By some miracle, the universe aligned and we made it to Austerlitz and found our train in the nick of time. Keeping suit with my naturally late self, I was the last person to set foot on the train. The door literally almost shut on my backpack on the way in. In any case, Abby and I weren’t able to get seats next to each other because it was packed and we didn’t actually know how that worked. So I was in car 19, “couchette” 61. It was like one of those little train rooms from harry potter where you get a private area and the door shuts, except these were stacked with six tiny beds for the overnight train. I’ve never been so grateful for such a tiny bed and an even tinier bottle of water. It’s like they knew about the running.

Now, you’d think my troubles would be over at this point. You caught the train right? Well, as soon as my head hit the pillow it dawned on me that I had no idea how I was going to wake up to get off at the right stop. I am the heaviest sleeper in the world. Do people come around and tell you when the train is stopping? How does everyone else seem so calm about this?? What if Abby doesn’t get off at the right stop? Did she remember how to pronounce it? We didn’t even have French phones to call each other if we accidentally went to Switzerland.

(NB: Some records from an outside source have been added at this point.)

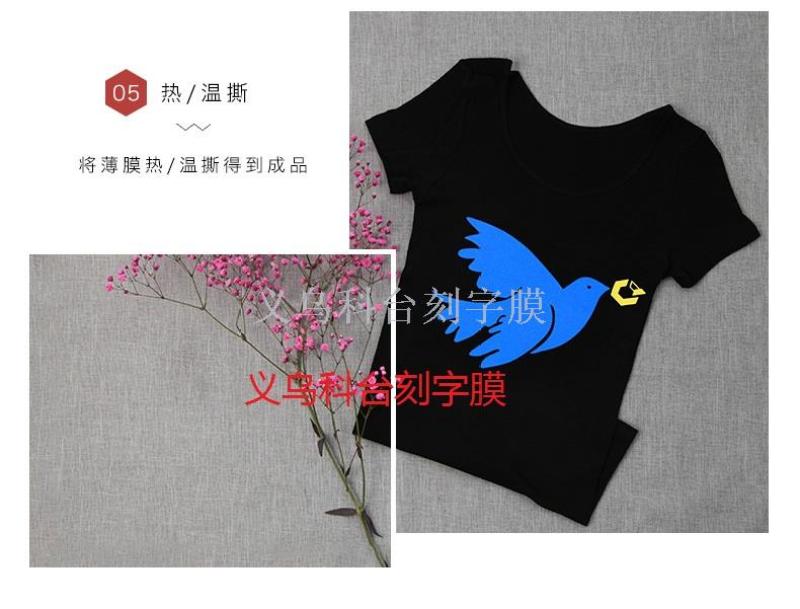 5: The production of the product is simple, arbitrary and strong, easy to take the drawing, the designed pattern can be cut by cutting plotter, and then use hot stamping machine for heat transfer. Also by manual cutting patterns, the use of household electric iron for heat transfer, the operation is very simple.
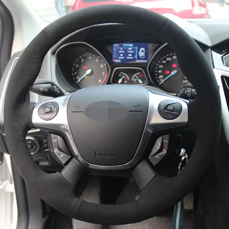 Мягкая черная замша DIY ручной работы чехол рулевого колеса автомобиля для Ford Focus 3 2012-2014 KUGA Escape 2013-2016 C-MAX 2011-2018
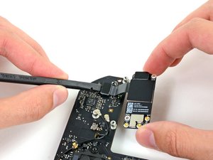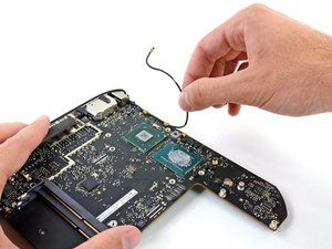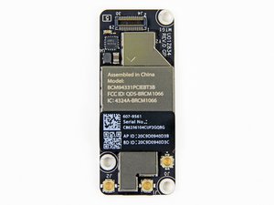 The Wi-Fi board, labeled BCM94331PCIEBT3B, stands no chance against our spudger as we make it truly wireless.
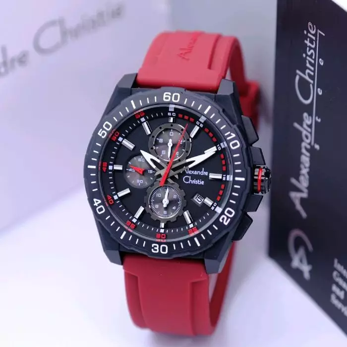 Alexandre Christie Jam Tangan Pria - Red Black - Rubber - 6689 MCRIPBARE
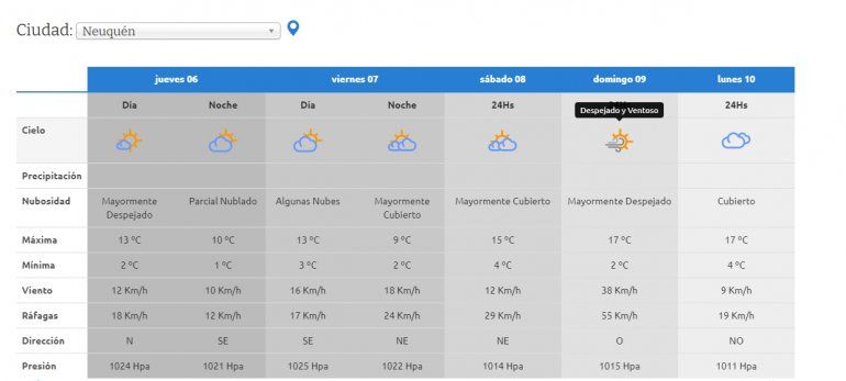 Para este miércoles desde el servicios de meteorología local anunciaron que se espera una mínima de 0 grados para la noche pero durante el mediodía y la tarde la máxima podría alcanzar los 16°C con cielo despejados pero con algunas ráfagas que podría superar los 60 kilómetros por hora.
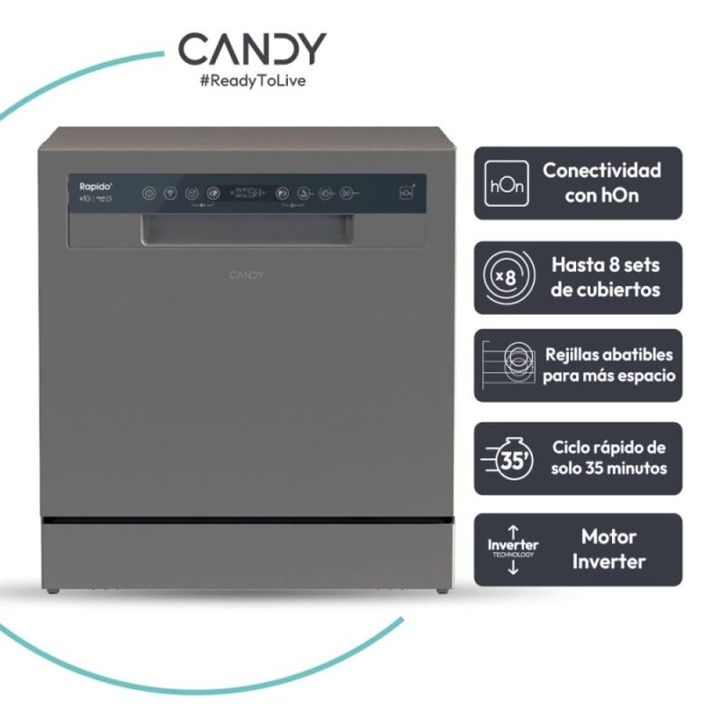 LAVAVAJILLAS INVERTER CP8F9FFA-12 8 CUBIERTOS GRAFITO CANDY
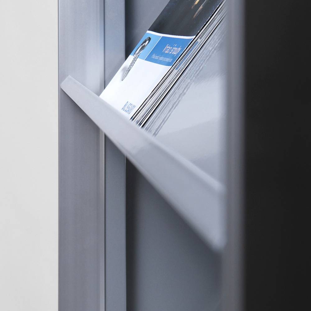 - 5 sloping brochure shelves in a high quality powder coated paint finish
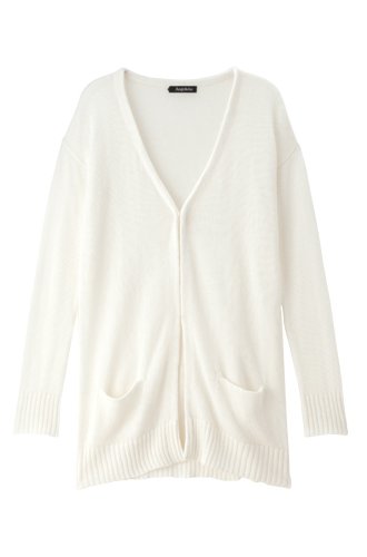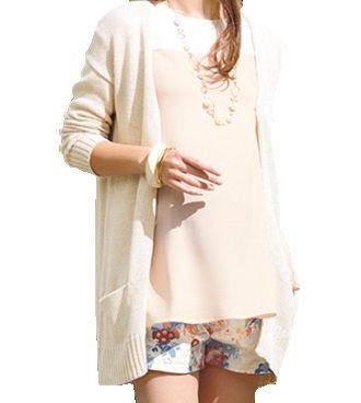 ロングニットで縦ラインをマークしてスラリとした着こなしを。ざっくり感のある綿×麻の涼しげな一着。ルーズにさらりとはおるのが大人流♪夏の冷房対策としても重宝します。産後は、フロントのスナップを留めれば授乳ケープとしても使えて便利。
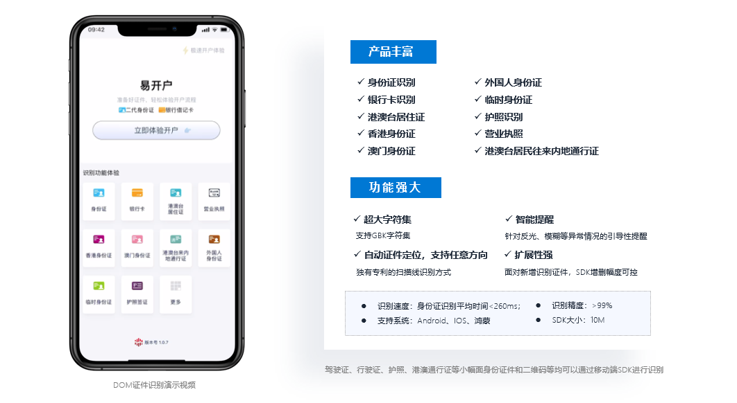 DOM SDK的市場需求非常大,證券開戶,銀行開戶,投保理賠,汽車金融……等大量應(yīng)用卡證識別,且移動端需求量極大的業(yè)務(wù),都是DOM SDK的應(yīng)用場景。這些場景對識別速度、識別精度的要求非常高,客戶容忍度低,注重用戶體驗,對產(chǎn)品的魯棒性要求很高。
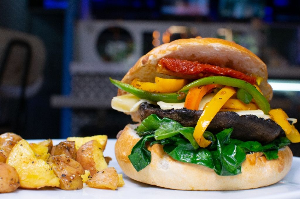 Portobello a l a plancha, queso manchego, e s p i n a c a s , pimiento morrón salteados, tomate deshidratado y aderezo blue chesse.
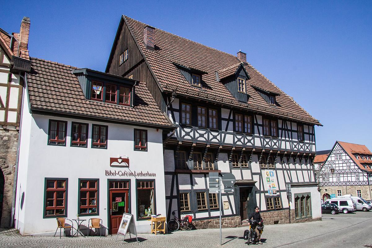 Die Lutherstadt Eisenach hat sich nach der Wende wirklich gemausert (wie alle Städte in den neuen Bundesländern) und aus der grauen Maus, wie wir sie noch aus der Kindheit kannten, ist ein buntes Fleckchen geworden, in dem es sich leben lässt. Wir bleiben aber nicht zu lange, die Wartburg, in der Martin Luther das Neue Testament vom Griechischen ins Deutsche übersetzte, bestaunen wir von weitem, das Lutherhaus und das JoSe Bach-Denkmal werden mit einem kurzen Besuch gewürdigt und alsbald sind wir wieder auf der Landstraße gen Osten.
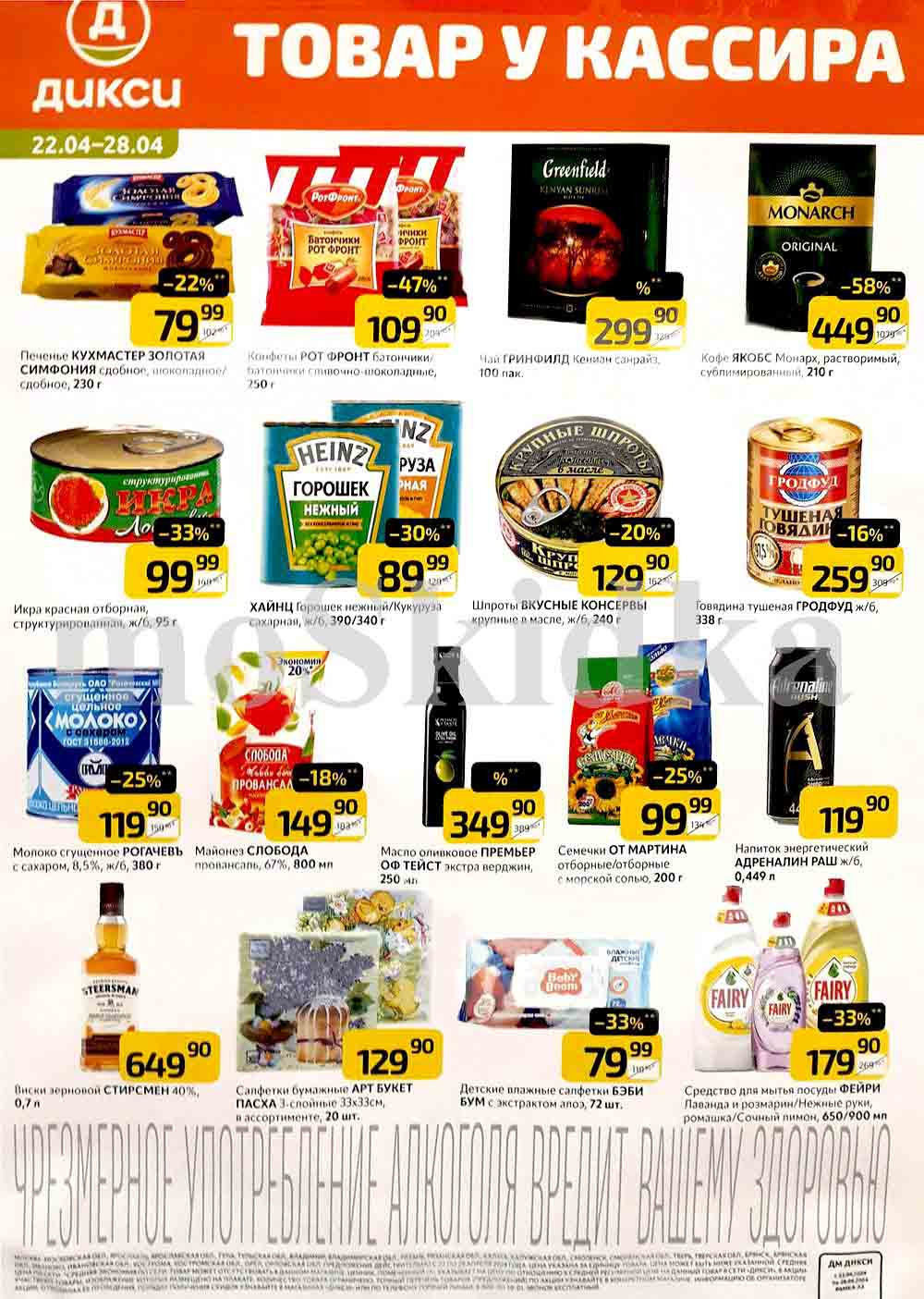 Дикси акции с 22 апреля — 28 апреля 2024. Товары у кассира со скидкой
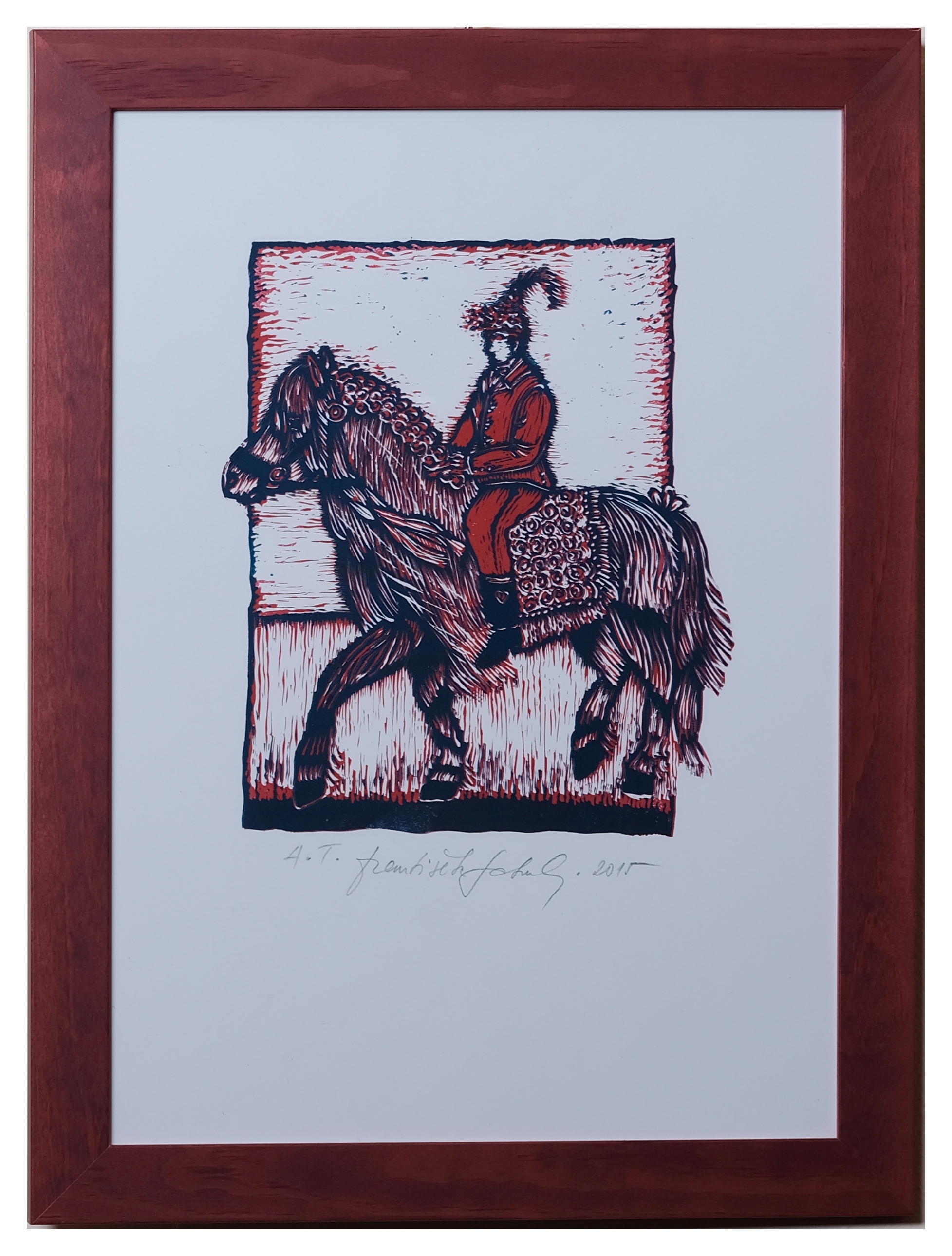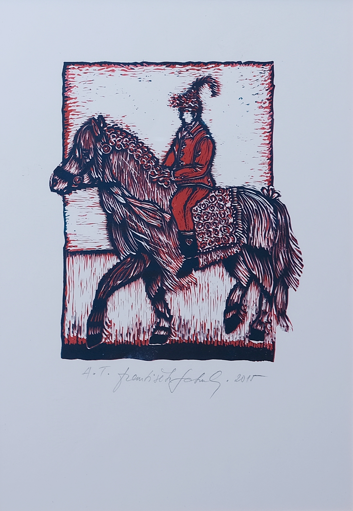 V obci, v sedláckých rodinách, se také dlouho udržovala tradice jízdy na slavnostně okrášlených koních. A tak autorův linoryt znovu připomíná, že chlapecký soukenný komplet našel svůj vzor v oslnivých uniformách uherských husarů.
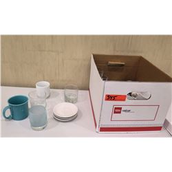 Box Misc Dishes & Glassware: Saucers, Mugs, Glasses, etc
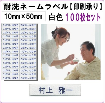 20mm×50mmサイズのご注文の名前を印刷した白色ラベルが100枚ついた洗濯に強いアイロン・ネームラベルです。老人ホームや介護施設で入所の際に義務付けが多い下着などの衣類の名前付けにぴったりのネームラベル。お名前を印刷してお届けいたします!!家庭用アイロンで付けられて、洗濯機でがんがん洗っても安心の耐洗ネームラベルです。もちろん保育所に赤ちゃんやお子様の預ける際の衣類の名前つけにも最適です。印刷するお名前は、ギフト欄に入力ください。忘れてしまった場合はメールでお知らせください。文字数はひがらなで10文字、漢字で6文字程度です。印刷する名前が不明の場合は作成できませんのでご注意ください。

As daunting as this was, I fell asleep quickly from exhaustion. By the time I woke up, everyone in my little cabin was gone. I scrambled to find my black shoes and black socks in the pitch-black room, and tracked down the nearest trainman I could find. He ended up being right outside my door, and probably taking notice of my panic ridden face and disheveled demeanor, asked if I needed help. I managed to spew out some sleepy French to ask him what the next stop was. He replied, Annecy in ten minutes.

Literally what are the odds. Thank you universe. Thank you trainman.

I got off the train, Abby and I met grins, and we telepathically concluded that we had witnessed yet another miracle. We were equally convinced the other would be in Switzerland. After our mini celebration, we headed off with content into the town where we’d be spending our picturesque getaway/countryside extravaganza.

Except that it was dark and rainy and cold. We got lost for a while, and walked passed a scene of the town that we saw on Google images. Apparently, things don’t look as nice in real life as they do on Google. This theme continued as we walked past the mountains that characterize the beauty of Annecy. At least we thought we did. We couldn’t tell because it was so cloudy and hazy. Our little miracles were getting farther away and I was starting to feel like maybe all that running we did may have not been worth it.

Thankfully, we found refuge in a cute breakfast place near an outdoor food market. The croissants and hot chocolate warmed our spirits, and we were able to face the day with more optimism - believing that the haze would clear and we could find proof that we made the right decision to spend our weekend here.




Before long, the sun came out as we made it to the old village, which was lined with medieval-style colorful homes and churches, paved with cobblestone streets, and overlooking breathtaking mountains and rolling green hills. This was it. Everything that had happened to get us to that moment was all worth it. It sounds cheesy I know, but honestly it made me not take any step I took or image I saw for granted. It’s something I can take with my for the rest of this weekend, and really anywhere I set out to go. I guess things are always a bit brighter after thinking several times in a row that all hope is lost and everything is ruined.